Our study has several limitations. First, as it was a single-center retrospective study with a relatively small sample size, possible information bias could have affected our outcomes. Second, the short follow-up time means the OS data were immature. Third, positivity for
ROS1 rearrangements in our study was determined in about half our patients using the FISH detection method (18/35 [51.4%]). Although the break-apart FISH assay is the only assay clinically approved by the FDA to detect
ROS1-rearranged NSCLC, it has both advantages and disadvantages. FISH can be performed even if the exact fusion partner is unknown, as it has the potential to identify all fusions for
ROS1 in NSCLC and other solid tumors. On the other hand, the FISH assay cannot identify exact fusion partners, which can be confirmed by subsequent sequencing of the RT-PCR assay [
19].
ROS1 fusion partners were identified in only 12 patients (34.3%) in our study. The most frequent
ROS1 fusion partner was CD74 (CD74-E6; ROS1-E34), which was identified in eight patients (8/12 [66.6%]).
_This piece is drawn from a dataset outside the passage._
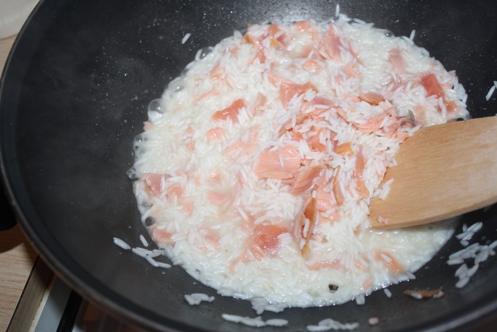 Une fois que le riz est assez cuit, on y insère le saumon et …

When fusion partners are unknown, the effects of different fusion partners on the efficacy of crizotinib and on drug resistance cannot be analyzed, and this is the focus of current research on crizotinib resistance mechanisms in
ROS1-rearranged NSCLC. Recently, one study that evaluated the roles of
ROS1 fusion partners on the treatment response found that patients with non-CD74
ROS1-positive NSCLC were less likely to have brain metastases and to have a trend towards an improved PFS [
20].
In conclusion, this study showed that crizotinib was effective and well-tolerated in Chinese patients with ROS1-positive advanced NSCLC in real-world clinical practice and that progression sites and patterns, and treatments beyond disease progression after crizotinib were diverse. CBPD and local therapy after failure of crizotinib treatment were feasible and effective in clinical practice.